Wilders will have the first chance to find coalition partners to form a government that can muster a majority in the 150-seat lower house of parliament. It will be an uphill struggle but neither of the other big rightwing parties — the VVD and centre-right New Social Contract (NSC), which is expected to garner 20 seats — has ruled out working with him.

Dilan Yeşilgöz-Zegerius, leader of the VVD, said she did not think she would serve in a Wilders cabinet. “I said that I don’t see that happening because Wilders cannot form a majority.”

However, the woman who arrived as a child refugee from Turkey also wants to cut immigration. She said the country could not cope with the volume of arrivals. The election result, she said, was “about the concerns of people who haven’t been heard.
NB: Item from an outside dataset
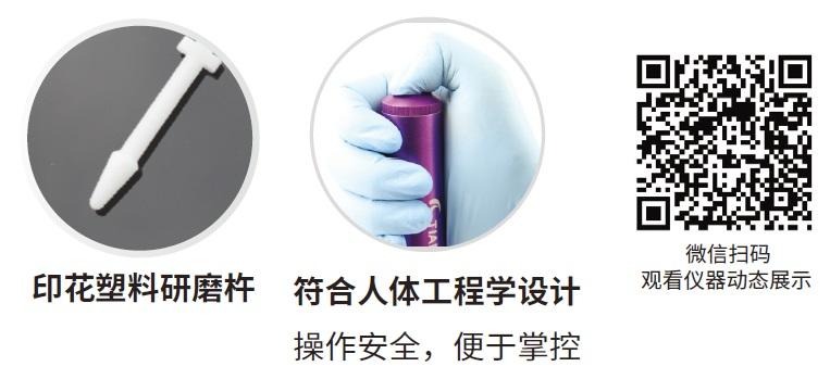 可在1.5 ml离心管内研磨1-100 mg组织样本,代替传统液氮研磨用于该系列研磨器体积小、重量轻、耗电小,广泛适用于大脑、心脏、肺、胃、肝脏、胸腺、肾脏、肠、淋巴结、肌肉等动物组织样品和根、茎、叶、花、果实、种子等植物组织样品的研磨破碎和匀浆。

If you keep ignoring them in politics, you’re going to get this.”

Pieter Omtzigt, a former Christian Democrat who founded NSC in August, said — without mentioning Wilders — that it would be “difficult” to form a coalition, and also stressed the importance of cutting immigration.

Wilders could count on the support of the populist Farmer-Citizen Movement, which is set to win seven parliamentary seats and has become the voice of farmers after huge protests in 2021, when the government wanted to shut many farms to reduce nitrate emissions to comply with a court ruling.

“We can’t be ignored,” Wilders said, calling on parties to “find agreement”.

Former Christian Democrat Pieter Omtzigt
Former Christian Democrat Pieter Omtzigt stressed the importance of reducing immigration © Benjamin Westhoff/Reuters

Michiel van Hulten, a former Dutch Labour politician, said that a “narrow victory would have made it easier to exclude Wilders from a new coalition on account of his anti-immigrant and anti-Islam stance.

“Now it’s much harder, especially if he continues to take the ‘constructive approach’ to forming a coalition he was credited with in the last week of the campaign,” van Hulten said.

Forming a government could still take many months, with Prime Minister Mark Rutte staying in a caretaker capacity.

Timmermans, a former EU commissioner and Dutch foreign minister, told activists at a rally in Amsterdam that “it is now time to defend democracy and the rule of law”.

However, his left-wing alliance would also find it hard to form a government, as its main ally, the progressive, liberal D66 group, lost heavily, declining to nine seats.

Many in the capital Amsterdam feel they are living in a different country from the rest of the Netherlands. The Labour-Green alliance won a third of the vote there, and the Freedom party 10 per cent, only just above pro-immigrant party Denk with 7 per cent.

Green supporter Myriam Corzilius summed up the mood: “We need a republic of Amsterdam — get out of the Netherlands.”